21. Examining Article 309, until a proper legislation is made, the President of India or the Governor or their nominees may make rules for the recruitment and conditions of service for the services and posts over which they have jurisdiction. The said Act was enacted in 1962, much prior to these rules. Section 4 provided that the Board may appoint such persons as it thinks fit as officers of Customs. The reference to "such persons" is very significant. This section gave wide powers to the Board to appoint any person as an officer in any class specified in Section 3 quoted above. This simply signified that considering the exigencies, the type, nature and extent of service required and the dearth of existing officers to work in those exigencies, the Board was given unfettered power to appoint any person to any grade or post mentioned in Section 3 of the said Act. Under Section 5 of the said Act, the officer appointed under Section 4 could discharge the functions required to be performed under the Act by an officer of that rank and also of one of subordinate rank, subject to the restrictions imposed by the Board. Under Section 6, the central government has also similar powers. In addition, the central government is empowered to appoint any central or state government officer or local authority to perform any function an officer of customs.

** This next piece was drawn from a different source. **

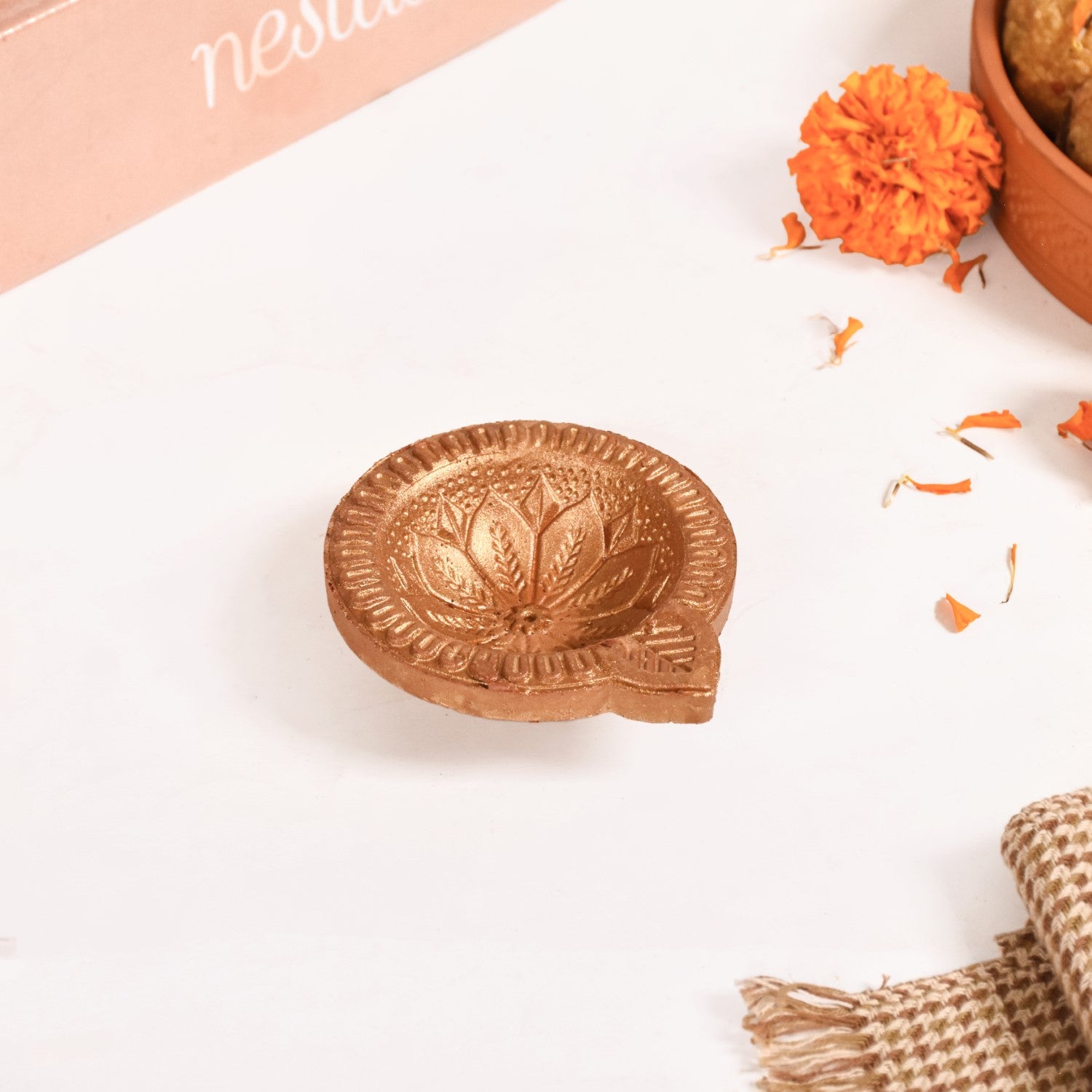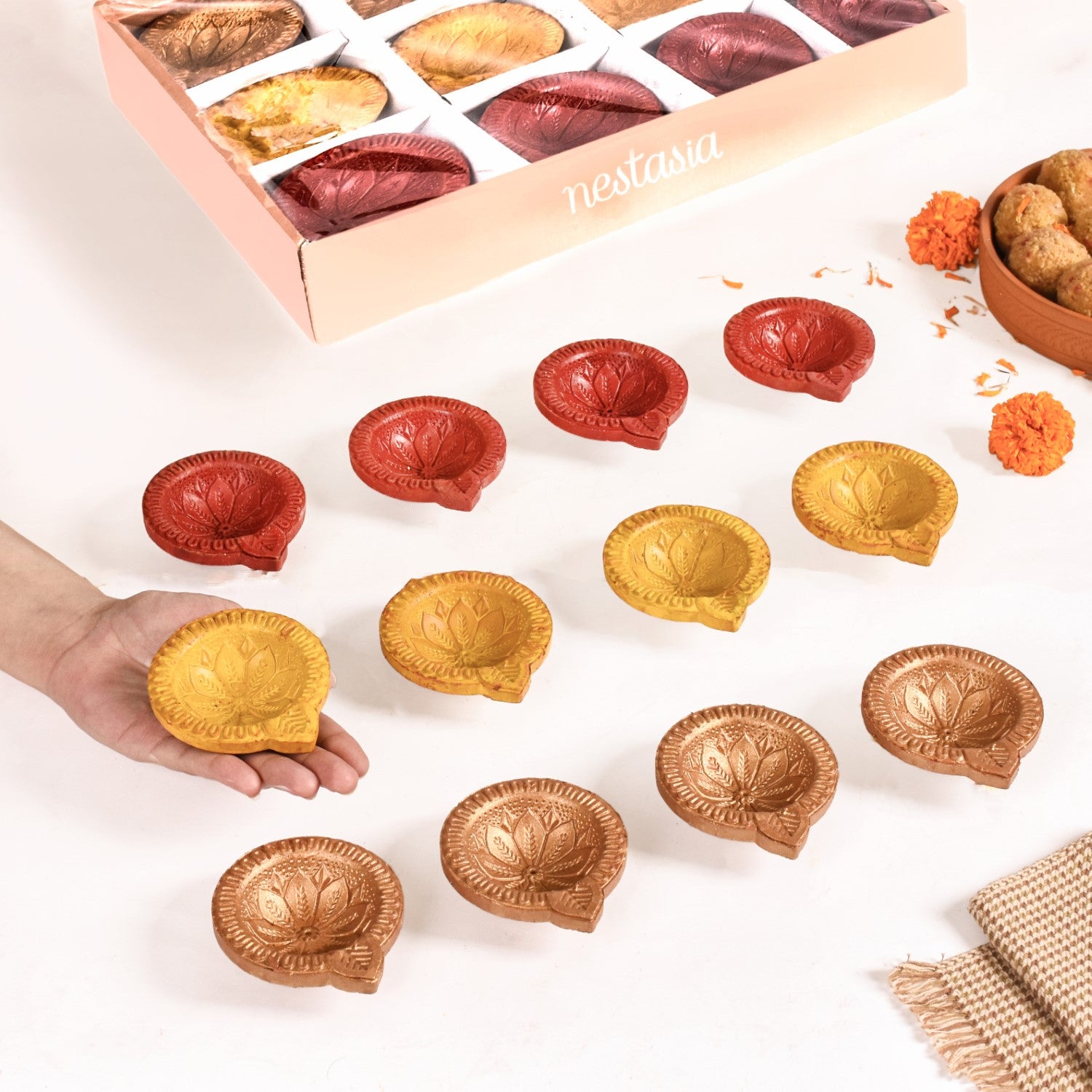 Design: Available in 3 enchanting shades - gold, yellow, and brown, the clay diyas feature a neatly crafted flower motif with hand-engraved patterns running along each petal. Bordered by geometric petals and complemented by a seamless matte finish, these terracotta diyas add a touch of warmth to every occasion.

22. Therefore, since the said rules came after the said Act, taking into account the mandate of Article 309, the rules of 22nd April, 2016 could not have supplemented, altered or modified the above provisions of the said Act.
23. It was only by his unparalleled legal skill and vast experience that Mr. Mukherjee was able to maintain an argument based on Columns 3 and 4 of Schedule III of the rules that the method of appointment under Section 4 of the said Act could only be through the procedure mentioned therein. If an officer of the Directorate of Revenue Intelligence had to be appointed as a Customs officer under Section 4 the method of recruitment mentioned under Columns 3 and 4 of Schedule III had to be followed. The said officer had to be recruited as a Customs officer following that procedure by recruitment or promotion and thereafter the appointment under Section 4 could be made.

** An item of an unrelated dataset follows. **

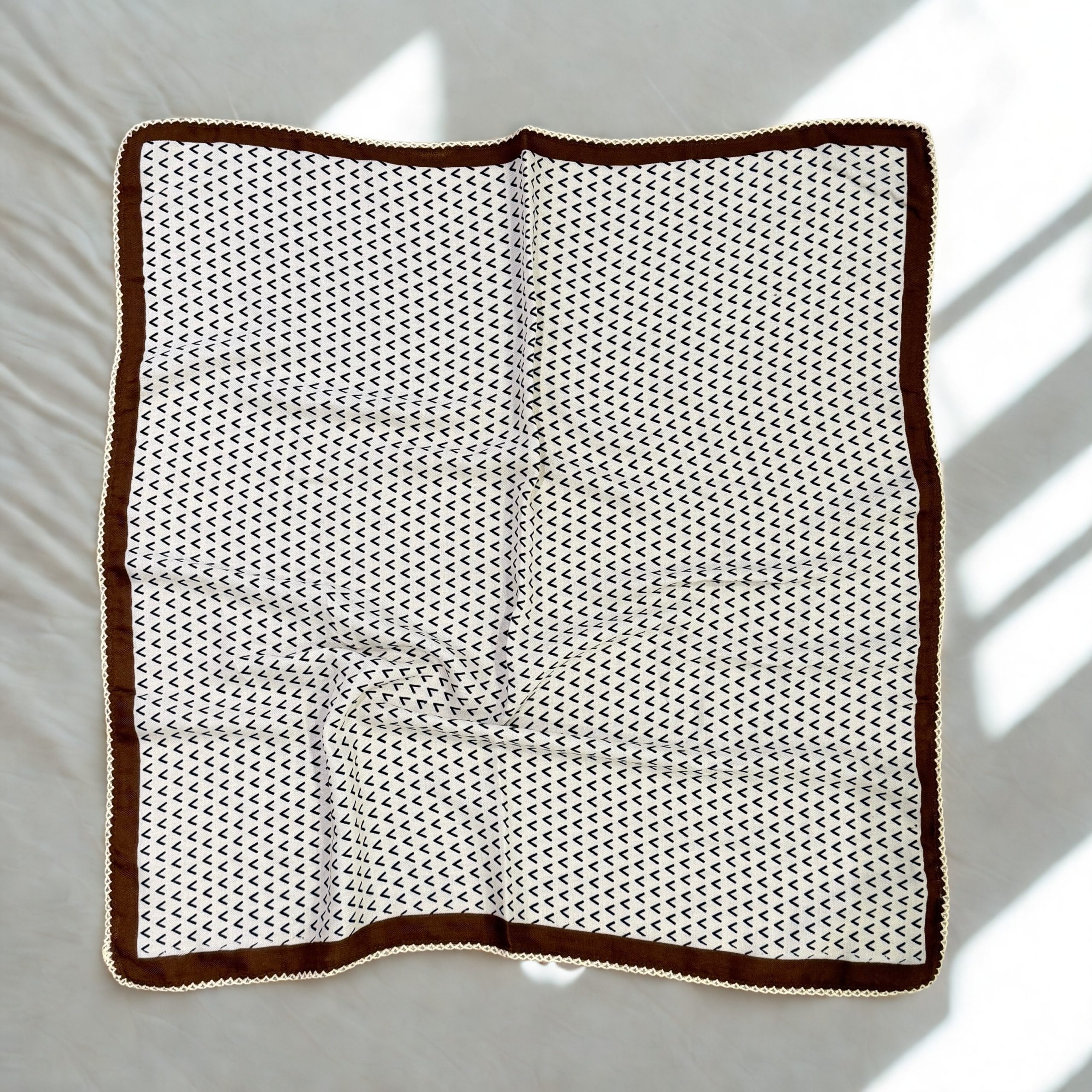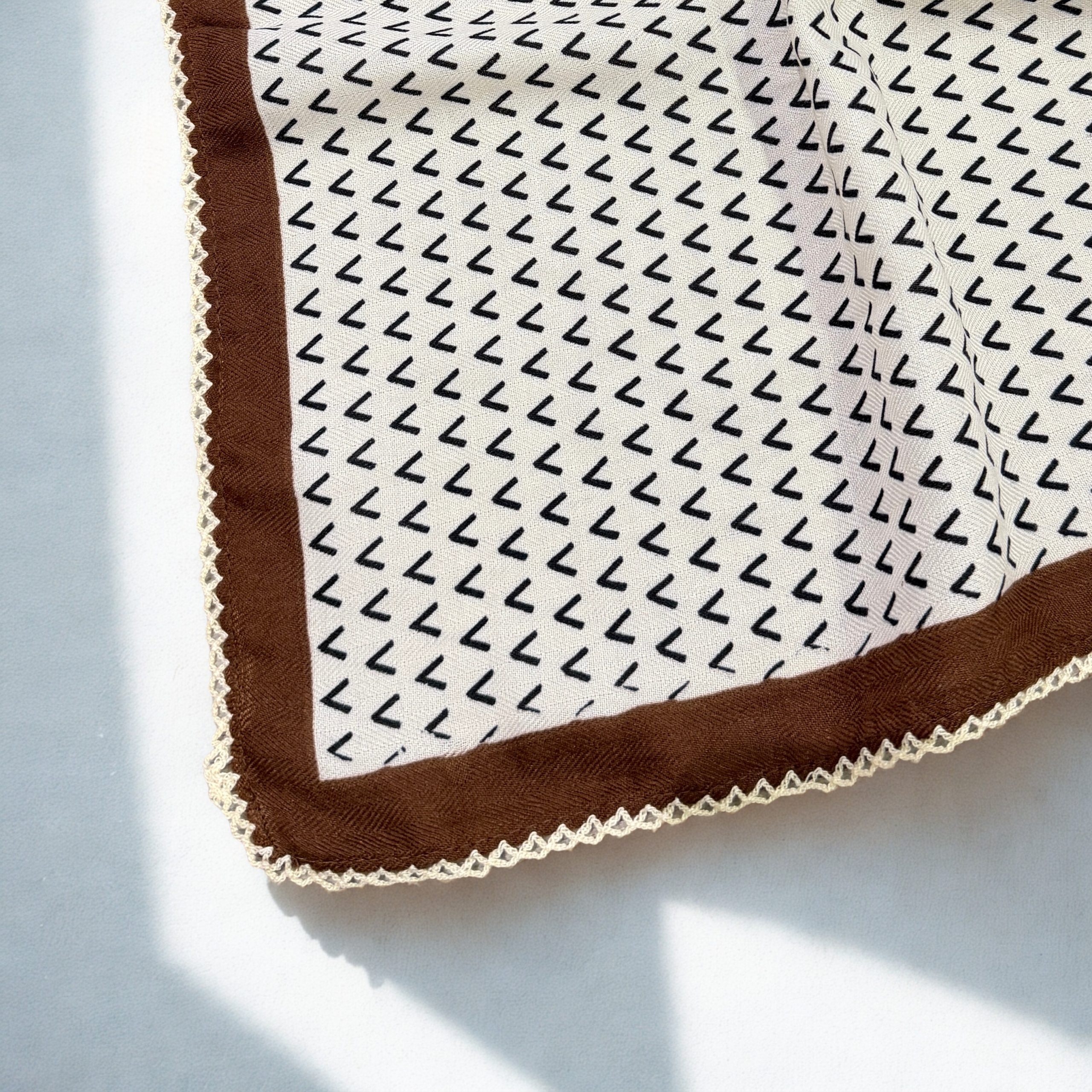Pañuelo estampado en color beige con destalles en negro y marrón chocolte.

24. Learned Counsel argued that the Additional Director General had to be first appointed as Commissioner of Customs by promotion on the basis of selection. This procedure was not followed. He could not have straightaway been appointed to the rank of Commissioner. Such post could only be assumed by promotion on selection under the said rules under Article 309 of the Constitution. The appointment of the Additional Director General as an officer of the customs was invalid, it was said. By reason of such invalidity he had no authority to issue the show cause notice. It was a nullity. No proceeding could have been initiated by him thereunder.
25. It was a novel and ingenious argument. I am unable to accept any part of it.
26. The rules dated 22nd April, 2016 constitute norms for recruitment to various Group 'A' posts in the Indian Revenue Service (Customs and Central Excise Group - A). Rule 5 provides for filling up of the vacancies in any of the grades above Deputy Commissioner specified in Schedule I. This schedule only refers to the Principal and Commissioner of customs. The method of recruitment is by promotion on selection as provided in rule 5 read with Schedule III columns 3 and 4.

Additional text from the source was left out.